[Stored dataset items]
--- START ---
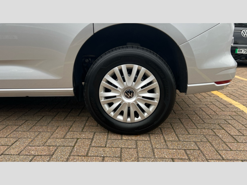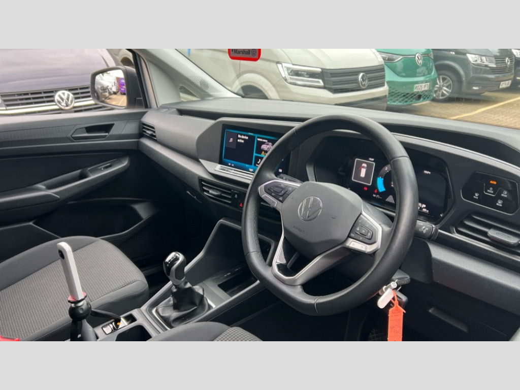Volkswagen Caddy 2.0 TDI 102PS Commerce Plus Van [Tech Pack] Bluetooth - Mobile phone interface, Digital multi-function cockpit display, Driver alert system, eCall emergency system, Lane assist, Seatbelt warning indicator, Service indicator, Start-stop system with regenerative braking, 2 USB interfaces type C in dashboard, DAB Radio, Automatic hazard light activation under emergency braking, Body coloured bumpers, Electric front windows, Heat insulating windscreen, Rear view mirror with anti dazzle function, Roof rail preparation, Windscreen wiper with variable intermittent delay and wash-wipe system, Electronically controlled heating system, ergoComfort seats for driver, Interior light in headliner incorporting LED technology, Lockable glove compartment door with light, Manual heating and ventilation system, Manual height adjustment for front seats and seat cushion inclination and depth adjustment on drivers seat, Multi function leather steering wheel, Power-adjustable lumbar support for drivers seat, Reach and rake adjustable steering column, Six lashing points for securing loads, Storage compartments under driver and front passenger seats, Sun visors with mirror, airbag label on front passenger sun visor, 3-point seat belts in front, with pretensioner and height adjustment, Driver and front passenger airbag with front passenger airbag deactivation, Tyre pressure monitoring system, Anti-theft alarm system, interior monitoring, backup horn, and towing protection, Electronic engine immobiliser, Remote central locking with deadlocks, interior locking, Anti locking braking system (ABS), Automatic post collision braking system, Autonomous Emergency Braking Front Assist with Pedestrian Monitoring, Diesel particulate filter, Electric parking brake with auto hold function, Electronic brake force distribution (EBD), Electronic differential lock (EDL), Electronic stabilisation programme (ESP), Engine drag torque control (MSR), Hill hold assist, Traction control system (TCS), Decorative beige birch vein inserts, Full size wheel trims
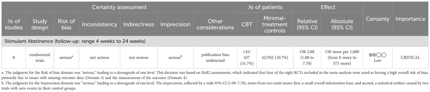 Based on the GRADE framework, the certainty of evidence for the effect of CBT on stimulant abstinence was rated as low (Table 3). This rating was influenced primarily by two concerns: a high risk of bias and serious imprecision.
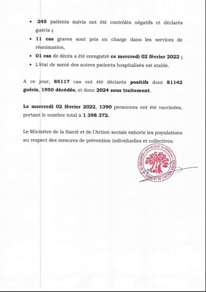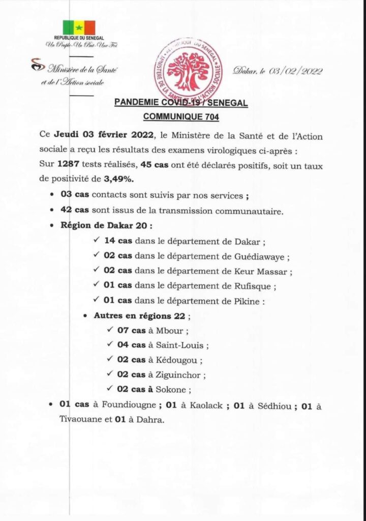 Le Sénégal a déploré et nouvelles infections liés à la pandémie du coronavirus (Covid-19), a annoncé ce jeudi 3 février, le ministère de la Santé et de l’action sociale dans son bilan quotidien.
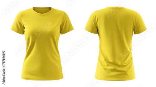 t-shirt, shirt, clothing, apparel, fashion, garment, textile, fabric, yellow, colours, bright, vibrant, front, view, back, template, design, blank, plain, casual attire, top, crew, neck, short, sleeve, unisex, isolated
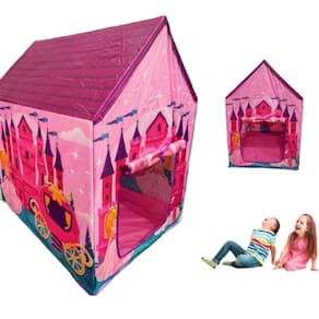 Marcas: POP Brinquedos Modelo: TOY23003 Barraca Castelo das Princesas Montagem necessária: Sim Cor: Rosa Tipo s de material: Plástico, Poliéster, Fibras Têxteis Itens Inclusos: Suportes plásticos para estrutura + sacola para armazenagem Idade recomendada: 3 anos e acima Forma: Castelo
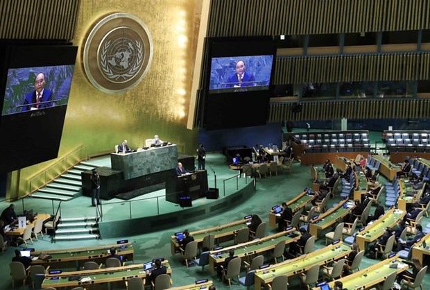 Chủ tịch nước Nguyễn Xuân Phúc phát biểu tại Phiên thảo luận Cấp cao Đại hội đồng Liên Hợp quốc lần thứ 76. Ảnh: Thống Nhất/TTXVN
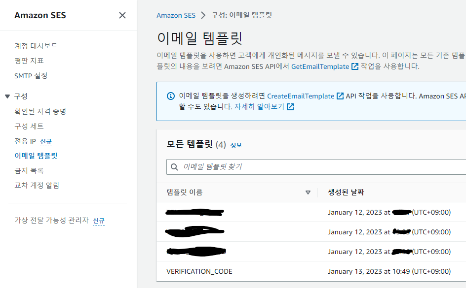 생성한 뒤 SES 홈페이지의 템플릿으로 들어가면 아래와 같이 확인할 수 있다.
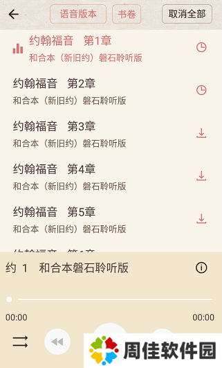 用户只需点击对照/和合本页面右下角的音频启动按钮,即可下载音频进行精读圣经有声播放,非常方便。
--- END ---
WHAT IS BEING ASKED -
Return the entries above exactly as they appear. Pictures should not be copied.

ANSWER TO THE EXERCISE -
Volkswagen Caddy 2.0 TDI 102PS Commerce Plus Van [Tech Pack] Bluetooth - Mobile phone interface, Digital multi-function cockpit display, Driver alert system, eCall emergency system, Lane assist, Seatbelt warning indicator, Service indicator, Start-stop system with regenerative braking, 2 USB interfaces type C in dashboard, DAB Radio, Automatic hazard light activation under emergency braking, Body coloured bumpers, Electric front windows, Heat insulating windscreen, Rear view mirror with anti dazzle function, Roof rail preparation, Windscreen wiper with variable intermittent delay and wash-wipe system, Electronically controlled heating system, ergoComfort seats for driver, Interior light in headliner incorporting LED technology, Lockable glove compartment door with light, Manual heating and ventilation system, Manual height adjustment for front seats and seat cushion inclination and depth adjustment on drivers seat, Multi function leather steering wheel, Power-adjustable lumbar support for drivers seat, Reach and rake adjustable steering column, Six lashing points for securing loads, Storage compartments under driver and front passenger seats, Sun visors with mirror, airbag label on front passenger sun visor, 3-point seat belts in front, with pretensioner and height adjustment, Driver and front passenger airbag with front passenger airbag deactivation, Tyre pressure monitoring system, Anti-theft alarm system, interior monitoring, backup horn, and towing protection, Electronic engine immobiliser, Remote central locking with deadlocks, interior locking, Anti locking braking system (ABS), Automatic post collision braking system, Autonomous Emergency Braking Front Assist with Pedestrian Monitoring, Diesel particulate filter, Electric parking brake with auto hold function, Electronic brake force distribution (EBD), Electronic differential lock (EDL), Electronic stabilisation programme (ESP), Engine drag torque control (MSR), Hill hold assist, Traction control system (TCS), Decorative beige birch vein inserts, Full size wheel trims
 Based on the GRADE framework, the certainty of evidence for the effect of CBT on stimulant abstinence was rated as low (Table 3). This rating was influenced primarily by two concerns: a high risk of bias and serious imprecision.
 Le Sénégal a déploré et nouvelles infections liés à la pandémie du coronavirus (Covid-19), a annoncé ce jeudi 3 février, le ministère de la Santé et de l’action sociale dans son bilan quotidien.
 t-shirt, shirt, clothing, apparel, fashion, garment, textile, fabric, yellow, colours, bright, vibrant, front, view, back, template, design, blank, plain, casual attire, top, crew, neck, short, sleeve, unisex, isolated
 Marcas: POP Brinquedos Modelo: TOY23003 Barraca Castelo das Princesas Montagem necessária: Sim Cor: Rosa Tipo s de material: Plástico, Poliéster, Fibras Têxteis Itens Inclusos: Suportes plásticos para estrutura + sacola para armazenagem Idade recomendada: 3 anos e acima Forma: Castelo
 Chủ tịch nước Nguyễn Xuân Phúc phát biểu tại Phiên thảo luận Cấp cao Đại hội đồng Liên Hợp quốc lần thứ 76. Ảnh: Thống Nhất/TTXVN
 생성한 뒤 SES 홈페이지의 템플릿으로 들어가면 아래와 같이 확인할 수 있다.
 用户只需点击对照/和合本页面右下角的音频启动按钮,即可下载音频进行精读圣经有声播放,非常方便。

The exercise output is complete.